» **Dataset**:
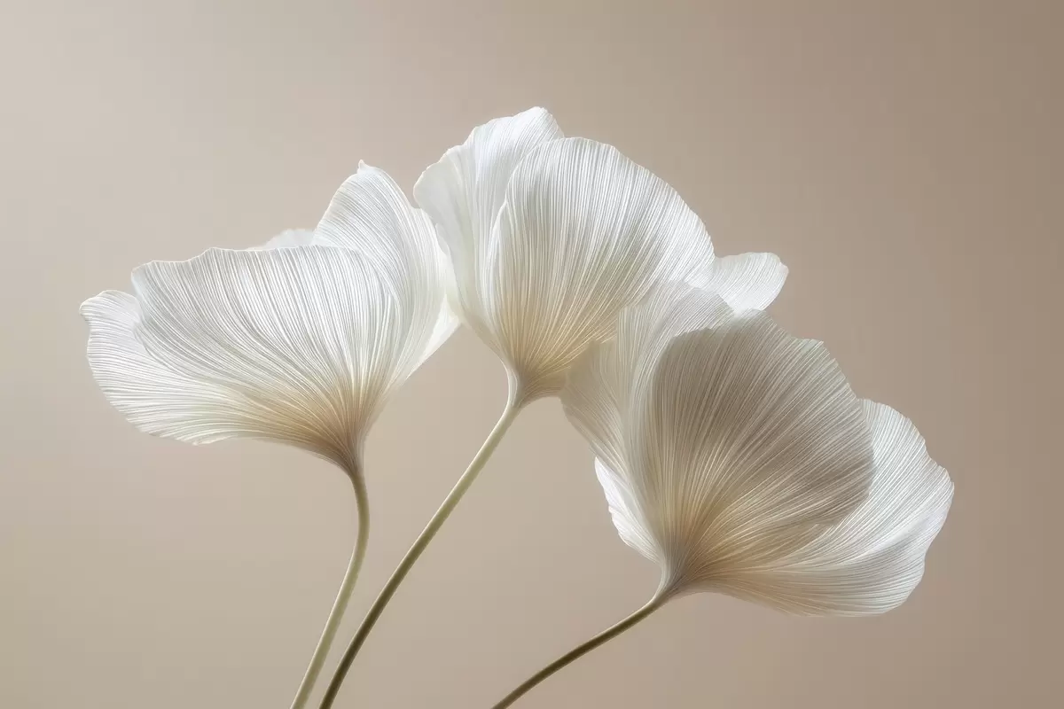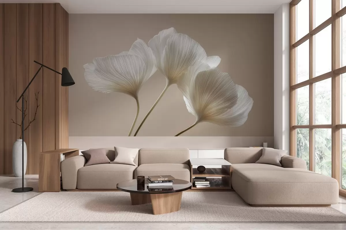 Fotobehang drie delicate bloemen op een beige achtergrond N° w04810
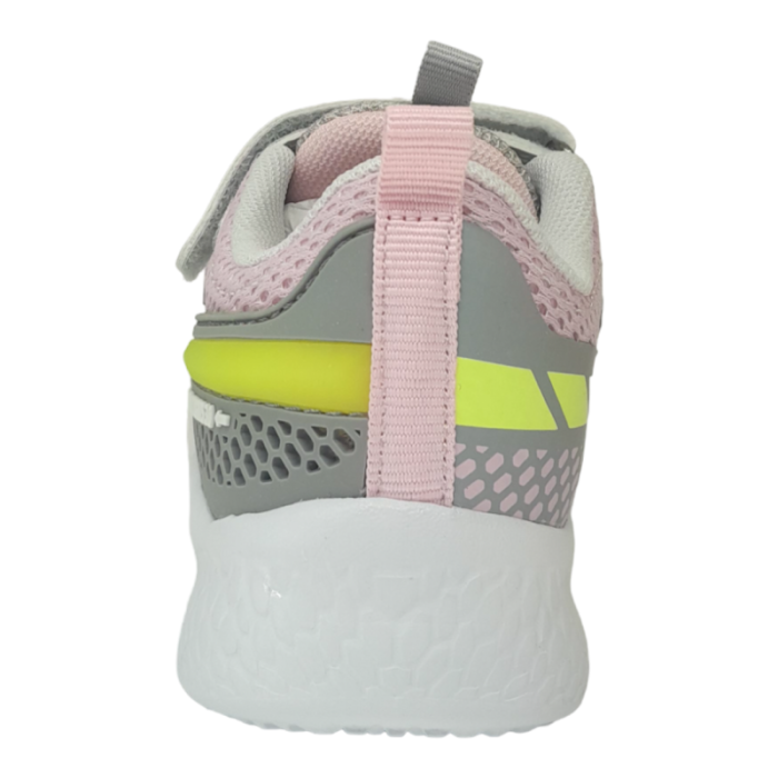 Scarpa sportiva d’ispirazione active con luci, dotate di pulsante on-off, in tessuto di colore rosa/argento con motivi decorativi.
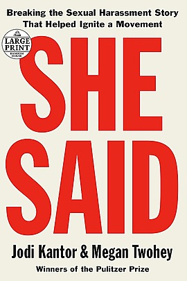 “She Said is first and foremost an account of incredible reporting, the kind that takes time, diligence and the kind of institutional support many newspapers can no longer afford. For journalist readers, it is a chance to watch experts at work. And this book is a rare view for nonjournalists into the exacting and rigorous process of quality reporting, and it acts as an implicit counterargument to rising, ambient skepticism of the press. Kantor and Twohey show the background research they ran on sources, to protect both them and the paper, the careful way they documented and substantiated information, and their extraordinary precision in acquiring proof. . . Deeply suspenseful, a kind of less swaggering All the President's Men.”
---
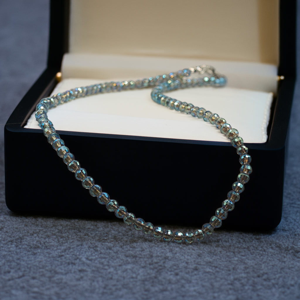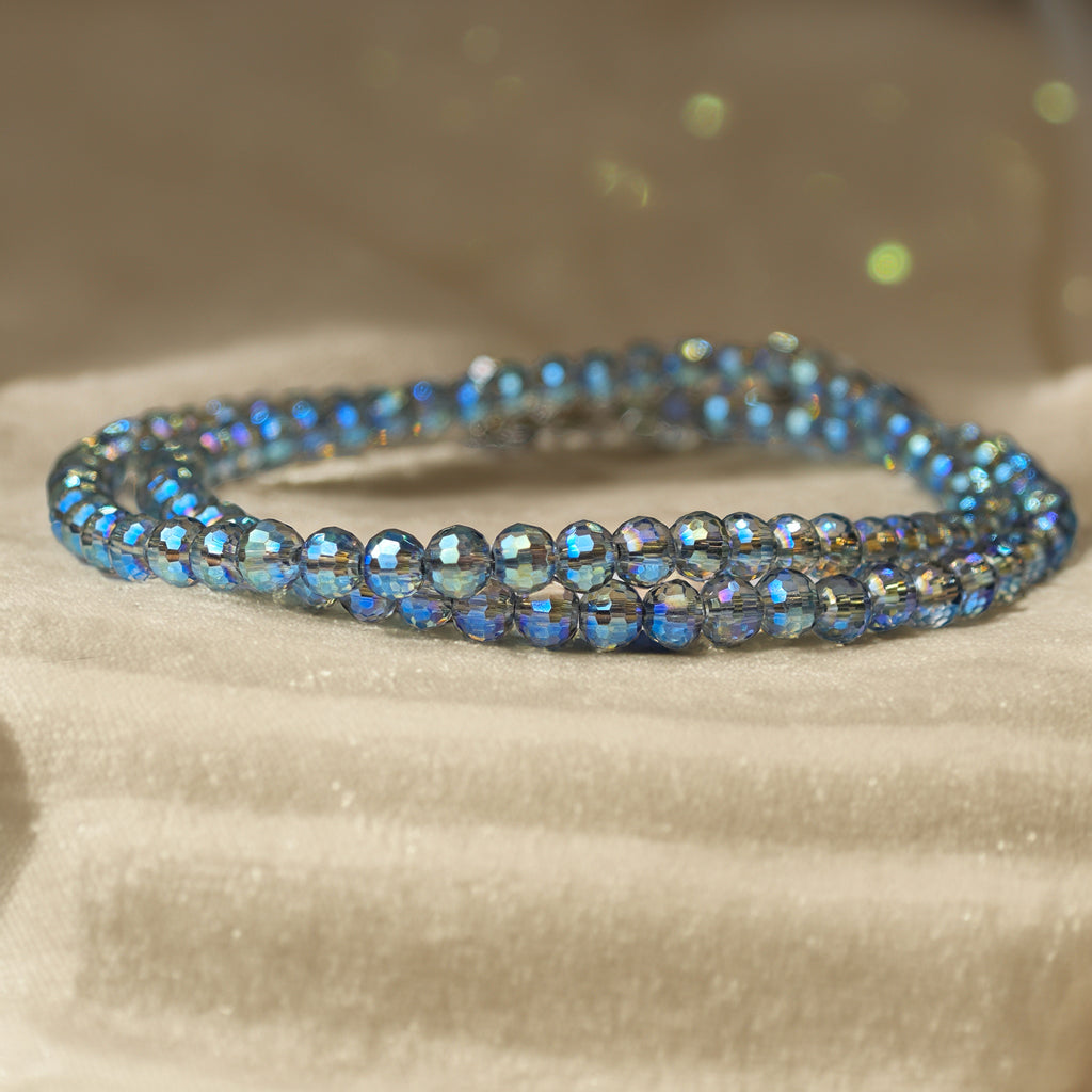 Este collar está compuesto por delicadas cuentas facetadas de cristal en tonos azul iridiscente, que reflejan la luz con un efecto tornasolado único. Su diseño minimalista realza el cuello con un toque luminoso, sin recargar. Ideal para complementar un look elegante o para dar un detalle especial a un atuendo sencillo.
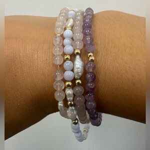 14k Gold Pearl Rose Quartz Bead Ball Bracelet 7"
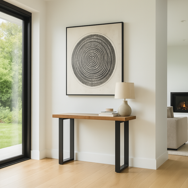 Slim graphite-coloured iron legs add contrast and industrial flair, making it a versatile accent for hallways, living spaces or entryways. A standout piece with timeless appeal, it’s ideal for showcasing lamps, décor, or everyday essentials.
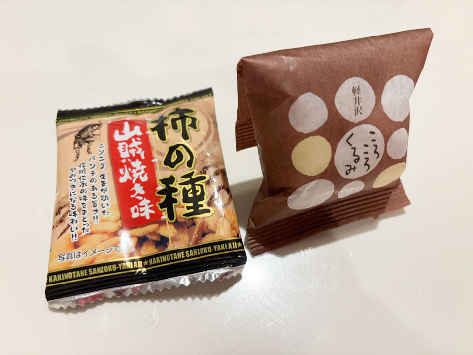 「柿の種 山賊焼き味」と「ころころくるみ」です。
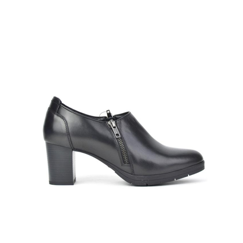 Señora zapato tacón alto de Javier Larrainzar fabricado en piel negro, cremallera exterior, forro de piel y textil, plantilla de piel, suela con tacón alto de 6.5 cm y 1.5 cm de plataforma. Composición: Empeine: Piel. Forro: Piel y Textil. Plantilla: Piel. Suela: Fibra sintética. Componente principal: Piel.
...
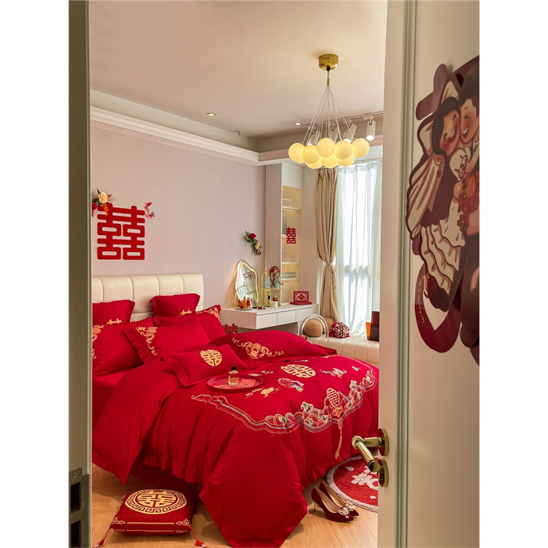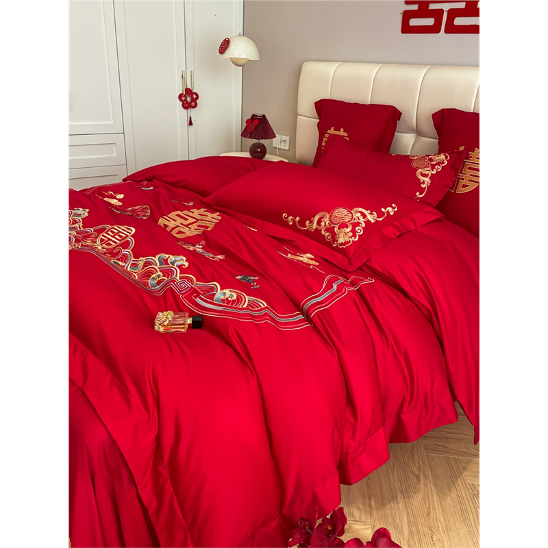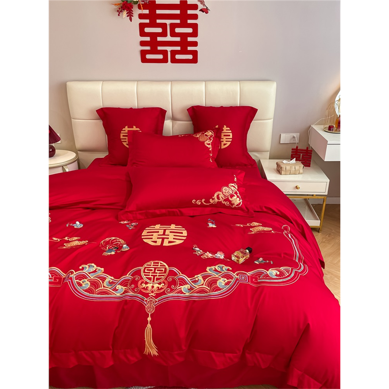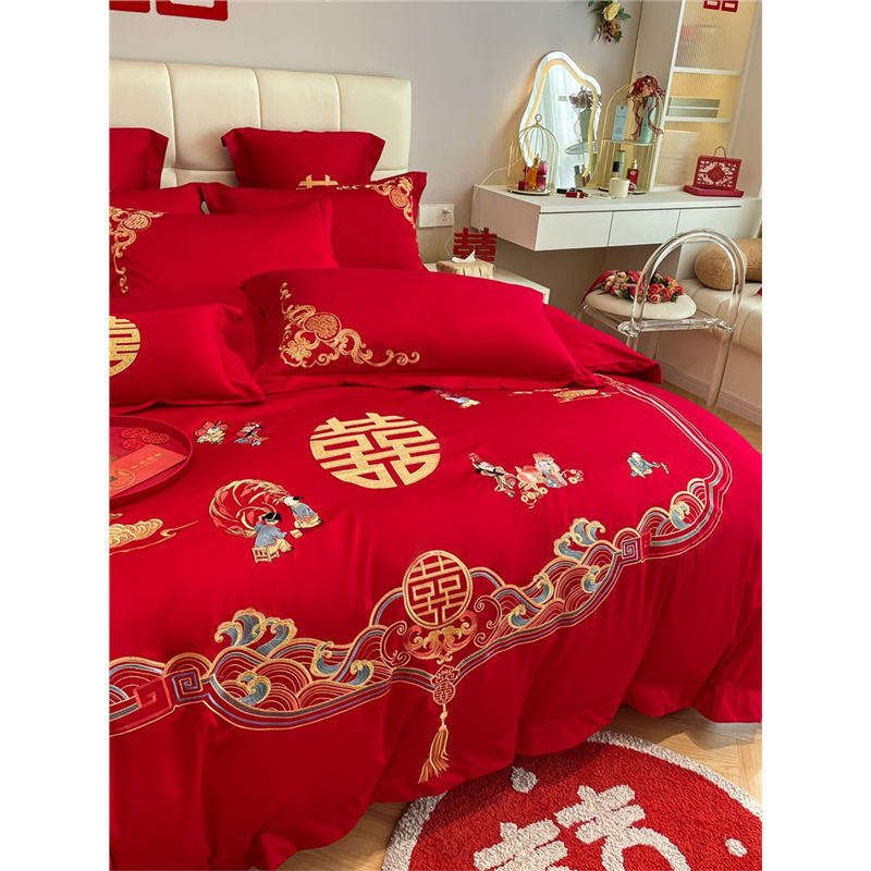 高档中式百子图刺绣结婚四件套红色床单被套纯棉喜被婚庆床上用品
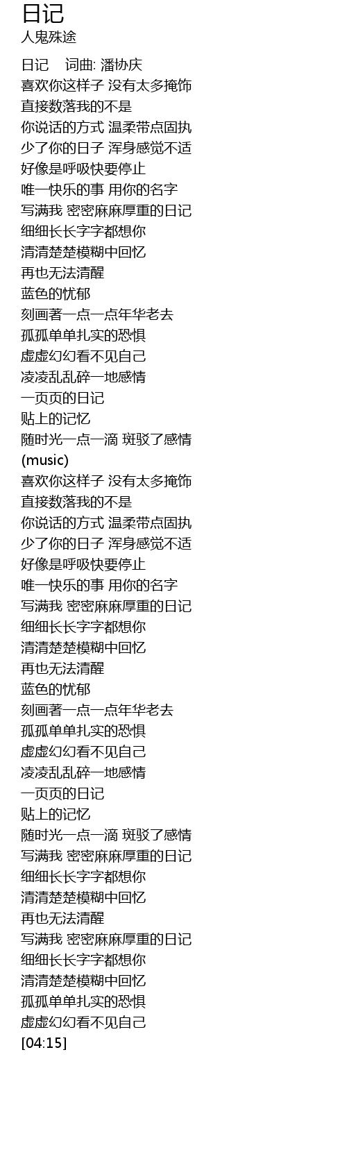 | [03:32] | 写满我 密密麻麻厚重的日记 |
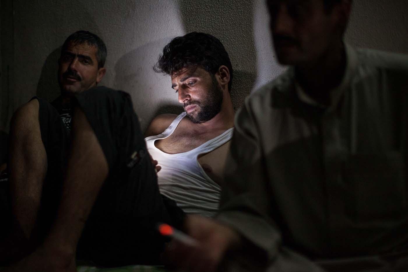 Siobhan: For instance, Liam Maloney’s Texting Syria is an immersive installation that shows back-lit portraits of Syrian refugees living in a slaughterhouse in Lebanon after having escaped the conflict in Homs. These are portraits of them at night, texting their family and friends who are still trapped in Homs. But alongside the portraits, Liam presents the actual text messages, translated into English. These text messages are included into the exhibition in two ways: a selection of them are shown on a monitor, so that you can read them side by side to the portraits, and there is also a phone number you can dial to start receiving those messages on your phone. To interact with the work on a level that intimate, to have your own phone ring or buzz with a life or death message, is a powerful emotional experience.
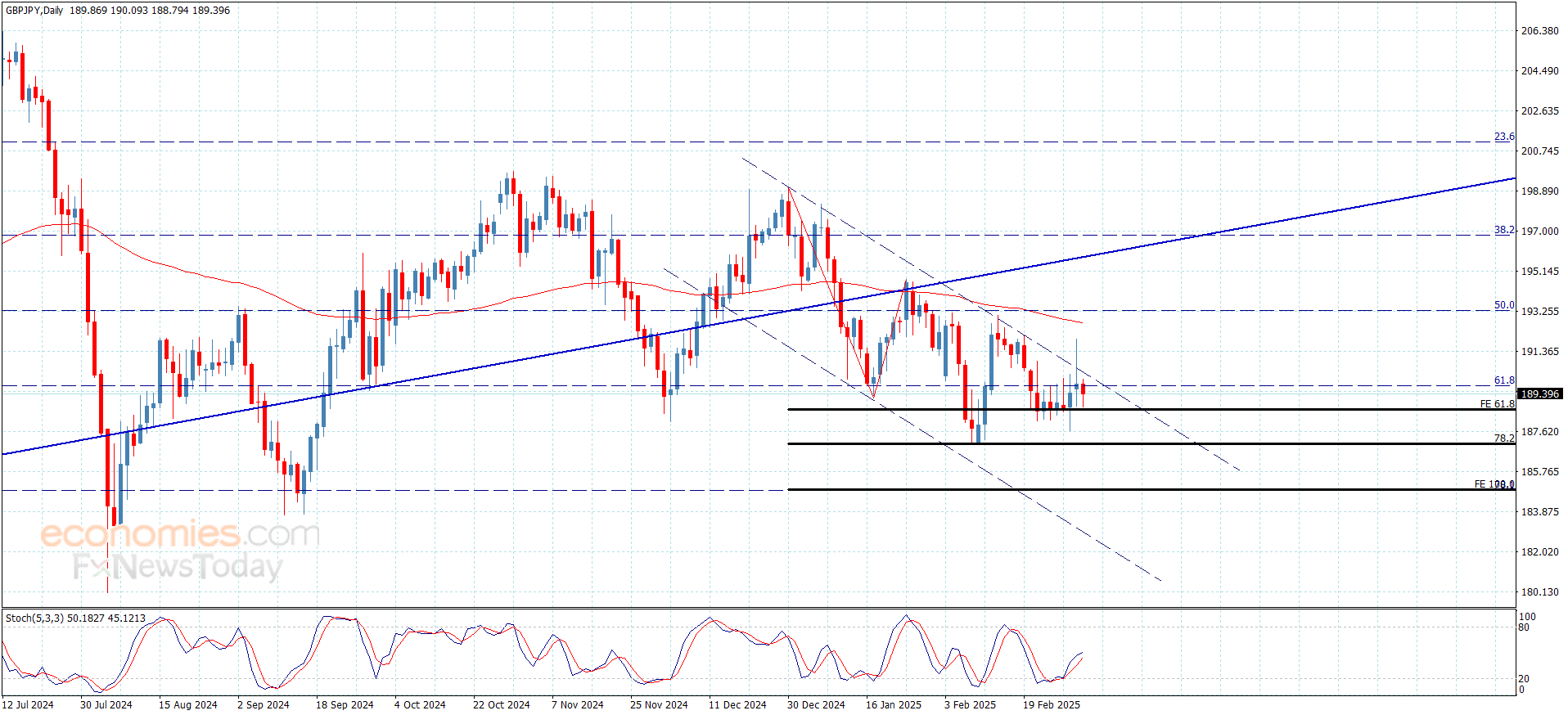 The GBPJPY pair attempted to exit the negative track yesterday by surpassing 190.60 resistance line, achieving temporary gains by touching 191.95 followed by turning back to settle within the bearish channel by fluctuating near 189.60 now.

» **Prompt**:
The lines to copy exactly start with the line above that has "写满我 密密麻麻厚重的日记 |" and go on through the line that has "The GBPJPY pair"; please include both, add nothing else, and omit the pictures.

» **Answer for this exercise**:
 | [03:32] | 写满我 密密麻麻厚重的日记 |
 Siobhan: For instance, Liam Maloney’s Texting Syria is an immersive installation that shows back-lit portraits of Syrian refugees living in a slaughterhouse in Lebanon after having escaped the conflict in Homs. These are portraits of them at night, texting their family and friends who are still trapped in Homs. But alongside the portraits, Liam presents the actual text messages, translated into English. These text messages are included into the exhibition in two ways: a selection of them are shown on a monitor, so that you can read them side by side to the portraits, and there is also a phone number you can dial to start receiving those messages on your phone. To interact with the work on a level that intimate, to have your own phone ring or buzz with a life or death message, is a powerful emotional experience.
 The GBPJPY pair attempted to exit the negative track yesterday by surpassing 190.60 resistance line, achieving temporary gains by touching 191.95 followed by turning back to settle within the bearish channel by fluctuating near 189.60 now.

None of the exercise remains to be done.